Se dice, y en parte resulta cierto, que vivimos actualmente en la sociedad del ocio. Bien, de acuerdo, acepto ocio como animal de compañía. Lo malo es que el ocio es un concepto que no enfocamos bien, entre otras cosas porque algunos espabilados nos lo han hurtado para comercializarlo y sacarle el jugo.
Un vecino mío me contó el otro día que él aprovecha a tope sus ratos de ocio. Yo no me aburro, chico –me dijo–, no me queda tiempo. Por la mañana me voy al gimnasio y me doy una soba de padre y muy señor mío para entonarme –afirmó, orgulloso de la proeza–, luego me doy una ducha rápida y me marcho corriendo a la oficina. Allí le vendo el alma al diablo hasta las cinco despellejando a mis adversarios a golpe de videoconferencia, y hasta me traen la comida al despacho algunos días para ahorrar tiempo. Pero al salir del antro, oye, cojo el coche y me voy a todo trapo a tomarme unos gÁ¼isquis en el club de golf; allí me hago unos hoyos rápidos con quien se tercie y me quedo como dios. Mi vecino, aparte de ateo declarado –está de moda ser ateo declarado, ya saben- y cincuentón con injertos de pelo y cana teñida, es hipertenso, está recién divorciado de su segunda esposa, le pasa pensión a tres hijas de la primera, paga dos hipotecas (una de ellas por una mansión que compró el año pasado en un paraíso fiscal y que aún no ha podido visitar siquiera), y se medica con antidepresivos por prescripción facultativa, pero él se siente la mar de orgulloso de ganar casi tanto dinero mensual como el presidente de su empresa, una multinacional japonesa donde ejerce de ejecutivo. Pobre hombre, qué pena me da verlo tan rico y poderoso.
Hemos convertido el ocio en actividad sin freno. El ocio nos roba el poco tiempo que el trabajo nos respeta, genera más aceleración, y a la postre menor serenidad.

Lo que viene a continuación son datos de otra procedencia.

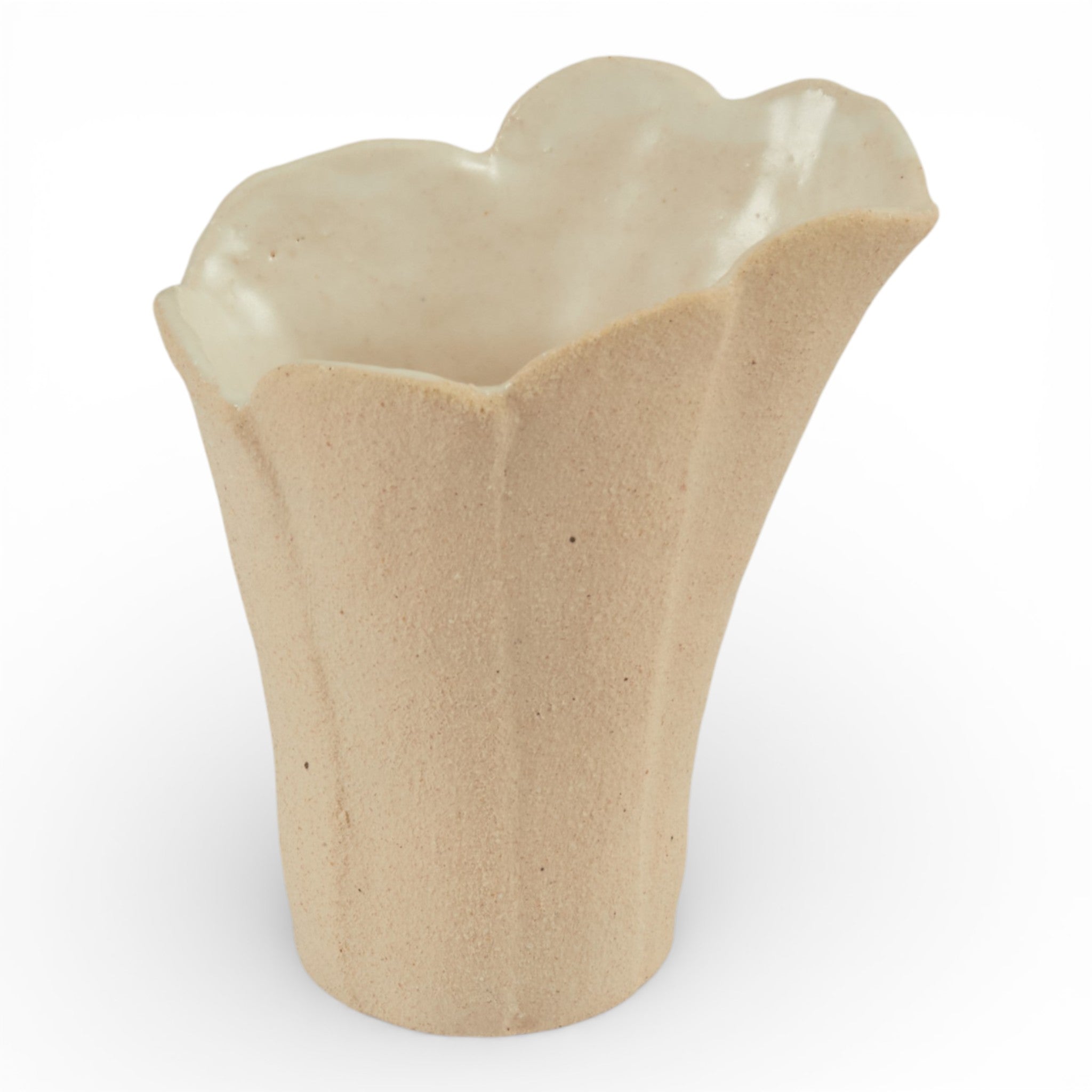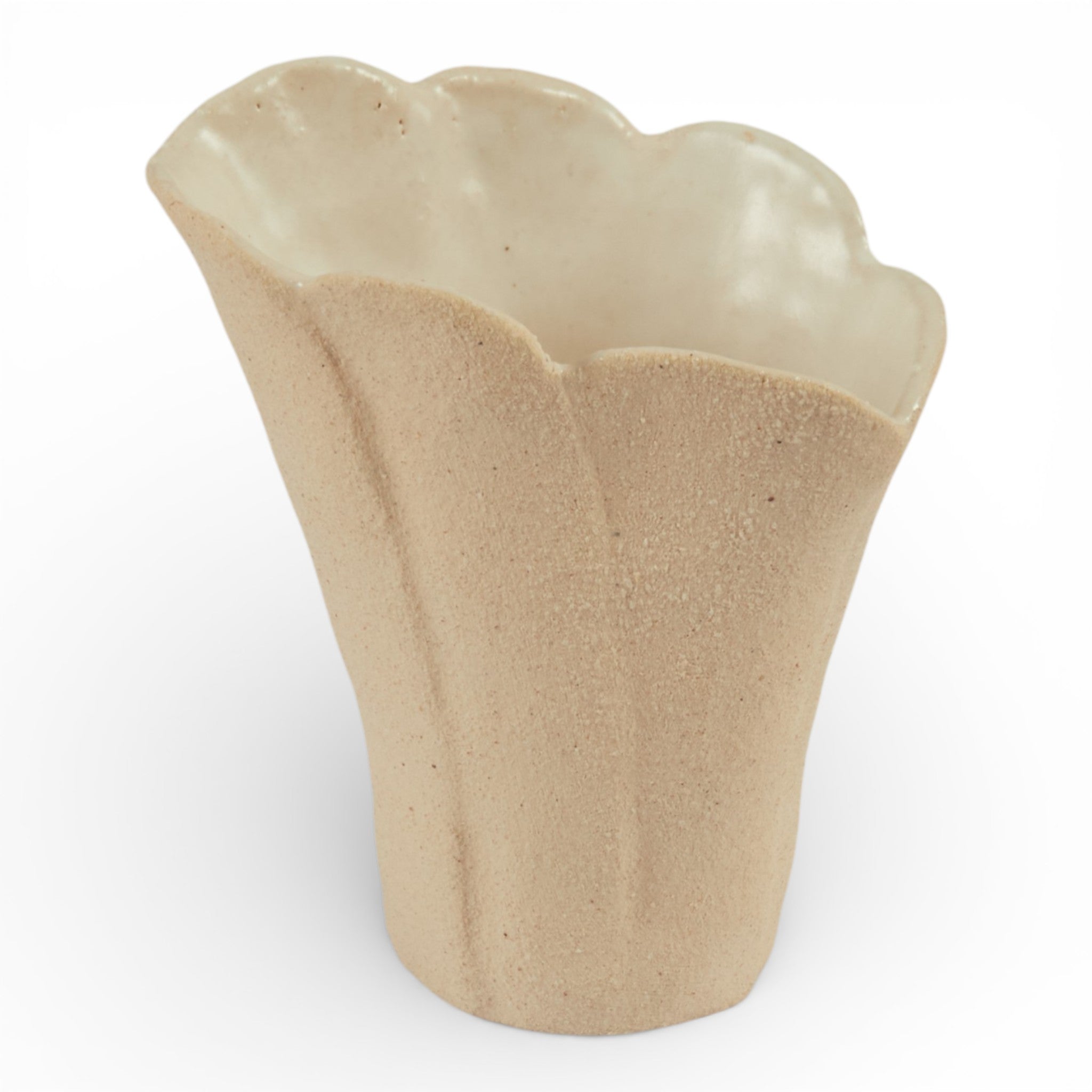 This ceramic vase by Tee McManus features a textured, sandy white exterior paired with a smooth glazed interior. Handcrafted using traditional techniques, the softly flared rim and faceted form create a strong sculptural silhouette, while the raw, tactile surface adds depth and contrast.

Tenemos por delante una revolución pendiente. Hay que levantarse con decisión y derrocar de una vez por todas la tiranía terrible de la prisa, el exceso de trabajo, el plus de productividad y la nociva propaganda que nos impele a consumir tiempo y energía a tontas y a locas. Paremos los relojes y apuntémonos al movimiento Slow, una filosofía que por fortuna parece haber calado en ciertos sectores de la sociedad europea. Hemos de reivindicar la libertad de poder contemplar cómo pasa el tiempo por delante de nuestras narices sin sentirnos mal, sin pensar que pecamos gravemente por no hacer algo mientras la brisa nos acaricia la piel. Esa es la revolución que necesita el ser humano ahora: una revolución que clame por la lentitud, que reivindique nuestro derecho de vivir sin agobios, en calma, disfrutando de las horas, aunque sea a costa de ganar un sueldo menor. Nadie quiere ser el más rico del cementerio, supongo. En el fondo se trata de sobrevivir, de hacer viable la revolución indispensable para conservar la cabeza sobre los hombros algún tiempo más. Pensemos que no se trata de llegar pronto, sino de gozar el camino.